THS can be associated with painful ophthalmoplegia of one or more between the third, fourth, or sixth cranial nerve caused by granulomatous inflammation of unknown aetiology in the cavernous sinus, superior orbital fissure or orbital apex. Steroid therapy is recommended in THS although controversy exists regarding dosage, time and length of administration, independently from age [2].
Diagnosis is based on specific criteria by the International Classification of Headache Disorders revised last time in ICHD-3 beta in 2013 and not modified in the 2018 ICHD-3 [3, 4].

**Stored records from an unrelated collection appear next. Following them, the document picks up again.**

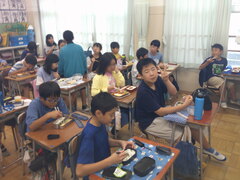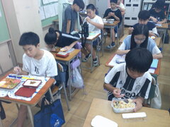 お弁当のご準備もありがとうございます。こどもたちはとてもおいしそうに食べています。ついつい友達のお弁当の中身が気になる子も...とてもよいスタートを切れている6年生でした!
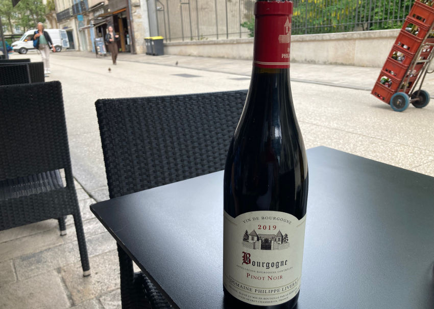 Pour se rafraîchir -  diantre, nous sommes en Bourgogne ! - la terrasse de la cave est plutôt accueillante : le Haute Côtes de Nuits d'un vigneron est à prix raisonnable (22 euros), contrairement à la tranche de pâté en croûte commandée en accompagnement qui facturée à 9 euros correspond à un tarif de 70 €/kg, soit le double d'un véritable artisan-charcutier (30 euros étant le tarif chez les artisans des « Petits cochons », sis à Saint-Clément). A ce tarif, on eut aimé une petite serviette en papier, histoire de s'essuyer ! Sauf que d'essuie-mains, il n'y eut point.
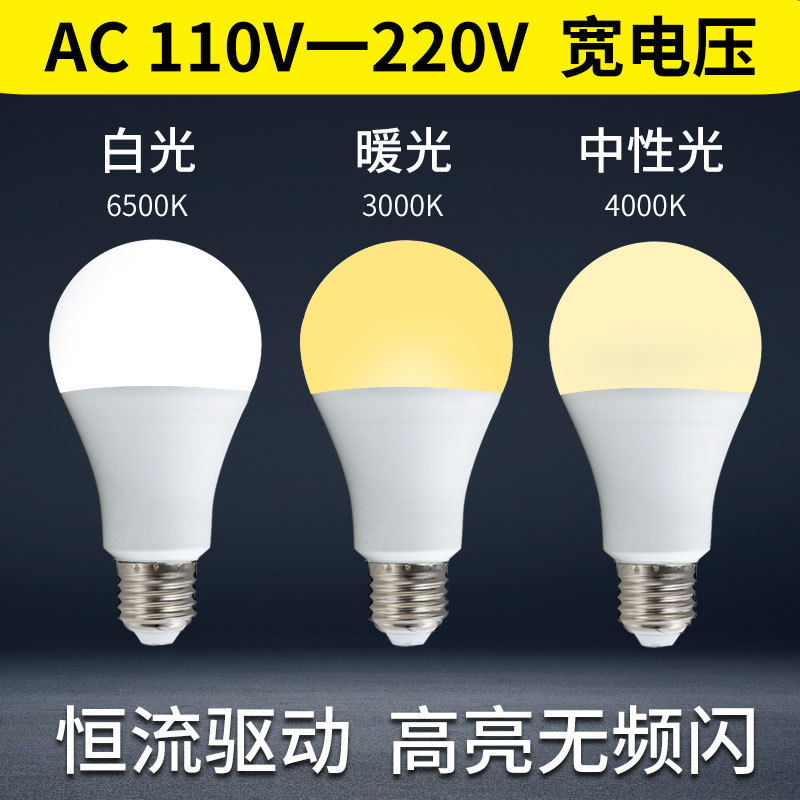 Светодиодная пластиковая алюминиевая лампа 110v220v постоянный ток Тайваньская зарубежная широкая лампа A19 лампа E27 винт B22
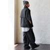 【モデルコメント】骨盤で穿きました。全体的にしっかりとゆとりがあります。中は、スキニーパンツを合わせても問題はありませんね。 【客観的コメント】裾は地面に少し擦れる丈の長さです。ゆとりはありながらも、良いシルエットで穿けていましたね。
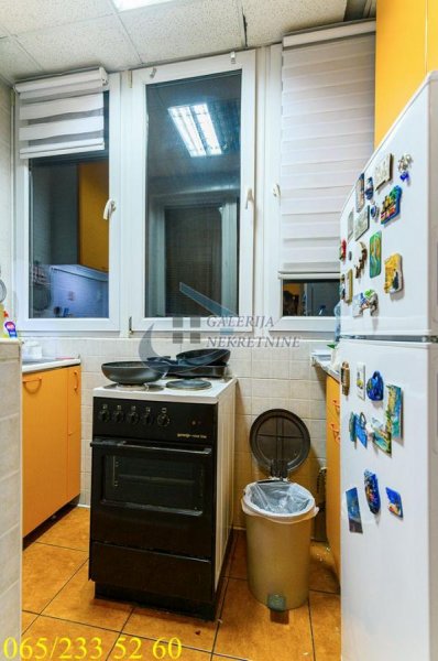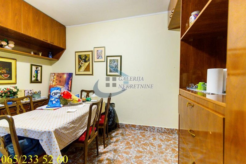 Od prostorija: ulazni hodnik, kuhinja (ex lođa), trpezarija, dnevni boravak, spavaća soba, kupatilo, perionica, ostava.
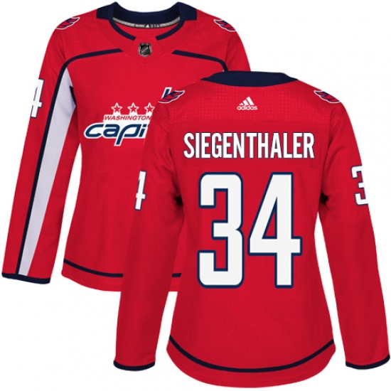 Home>NHL>Washington Capitals>Jonas Siegenthaler>Women's Adidas Washington Capitals #34 Jonas Siegenthaler Premier Red Home NHL Jersey
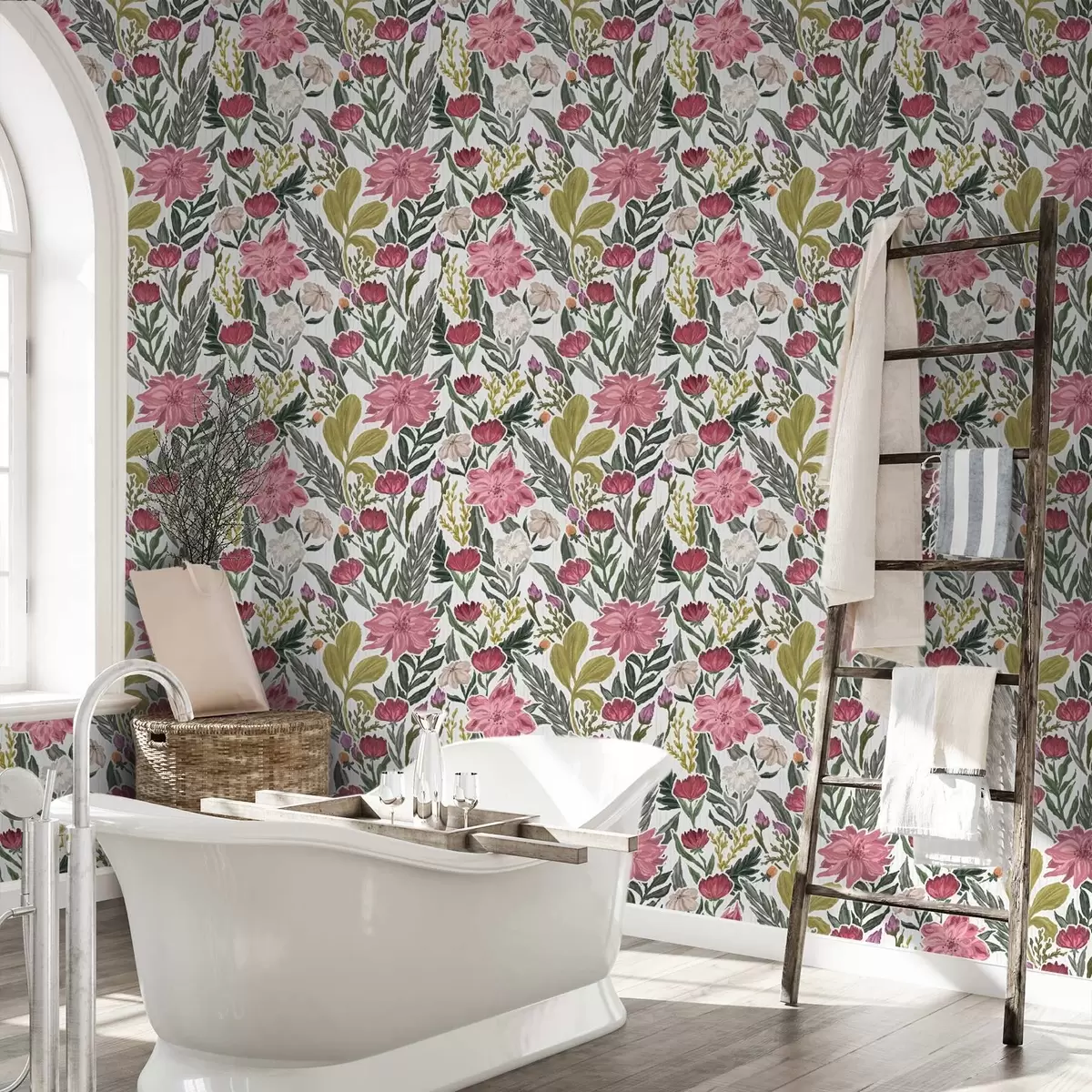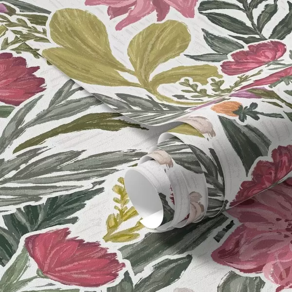 Bildschirmhintergründe Üppige rosa und cremefarbene Blumen auf weißem Hintergrund, pastose Textur Nr. a00629v1
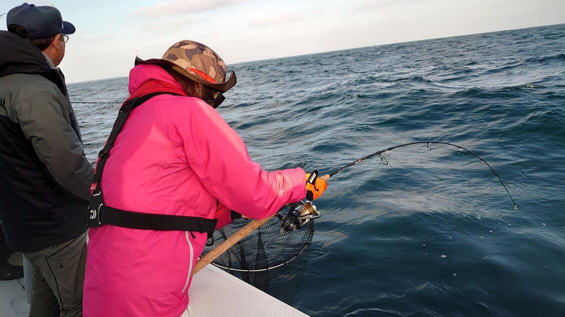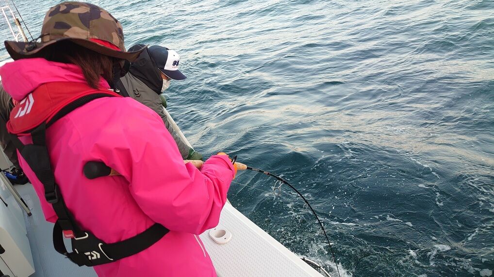 後半の追い込みに期待してジグを落とす
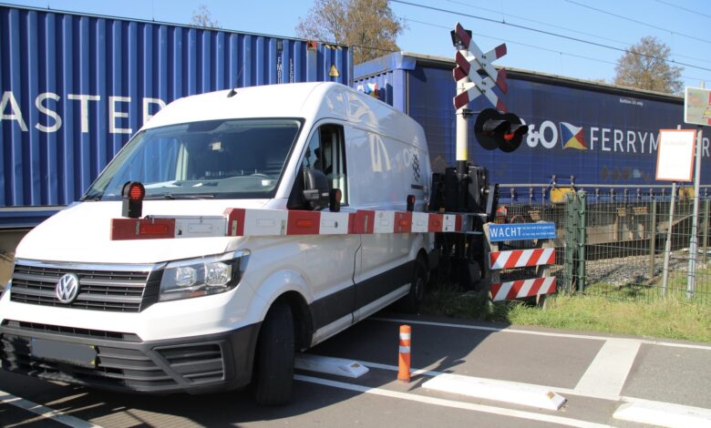 Bij de spoorwegovergang botste een goederentrein op een bestelbus die over het fietspad reed. Door de klap liep het busje aanzienlijke schade op.
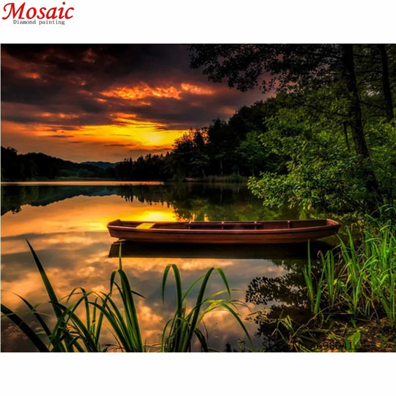 Алмазная вышивка, закат, пейзаж, 5D алмазная живопись, квадратная Алмазная мозаика, полный набор стразы, озеро, картина с изображением лодки, домашний декор
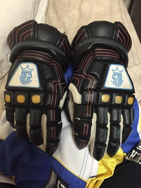 The Brine King Lacrosse Gloves are designed for serious players, offering comfort, protection, and flexibility. They allow for unrestricted wrist movement and have an exceptional grip. The Patent Pending Arch-Tech backhand provides added protection, flexibility, and venting while absorbing impacts.
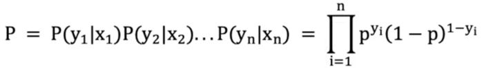 假设:有样本[(𝑥1,𝑦1),(𝑥1,𝑦2)...,(𝑥𝑛,𝑦𝑛)][(𝑥_1, 𝑦_1), (𝑥_1, 𝑦_2) ..., (𝑥_𝑛, 𝑦_𝑛) ][(x1,y1),(x1,y2)...,(xn,yn)],n个样本都预测正确的概率就是伯努利分布的似然函数:
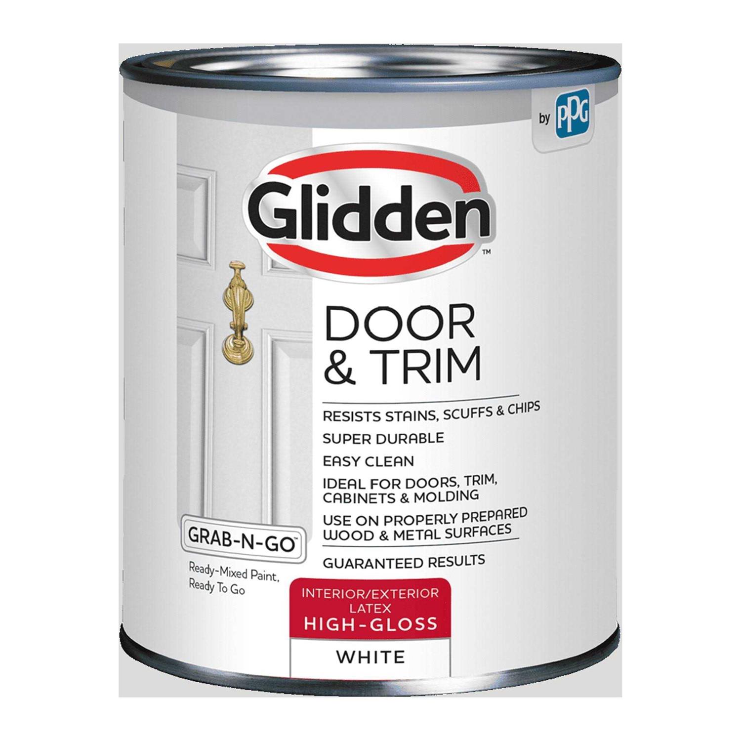 Glidden Door & Trim Grab-N-Go Interior/ Exterior Paint, High-Gloss, Red, 1 Quart is ideal for use on all interior and exterior trim, doors, cabinets and molding, including properly prepared or previously painted wood, composite and metal surfaces. The solution for updating your home, this paint is perfect for doors, trim, cabinets, and molding, standing up to even the most active lifestyles. Available in 3 ready mix colors.

In all paediatric cases, conventional brain MRI demonstrates thickening of the cavernous sinus, superior orbital fissure and/or orbital apex with increased contrast enhancement after gadolinium administration, which is not always detectable at the onset of painful ophthalmoplegia and might be only recognized after several weeks [5].
Ophthalmoplegic migraine, renamed "Recurrent Painful Ophthalmoplegic Neuropathy" (RPON) in the ICHD-3, is a rare neurologic disorder characterized by recurrent attacks of ophthalmoplegia in association with ipsilateral headache [3, 4]. According to the ICHD criteria, RPON can be considered after at least two attacks of a migraine-like headache, associated with paresis of the ocular cranial nerves occurring within 4 days since symptoms onset [4].
In a recent paper, Falsaperla and co-workers suggested to consider a diagnosis of recurrent painful ophthalmoplegic neuropathy even at the first attack, provided that the typical MRI pattern with thickening of the involved cranial nerve and reduced post-contrast enhancement are detected [6].
We report on a new case of THS and a new case of RPON, and describe management and diagnostic investigations undertaken at the first ever episode.
Case presentation
Patient 1
We report the case of a 13-year-old female referred to our hospital due to persistent headache in the right periorbital and right frontal area, associated with vomiting, which was preceded (one month before) by SARS-COV2 paucisymptomatic infection and matched after two days by dizziness, right gaze diplopia and right upper eyelid oedema. Neither fever nor other clinical neurological findings were evident. The patient was born at term from healthy unrelated parents and had normal neurodevelopmental achievements.
On the second day aince the onset, neurologic examination showed slight outward and downward moving of the right eye only to the middle when looking inward, right ptosis and a mydriatic pupil confirming a third cranial nerve palsy.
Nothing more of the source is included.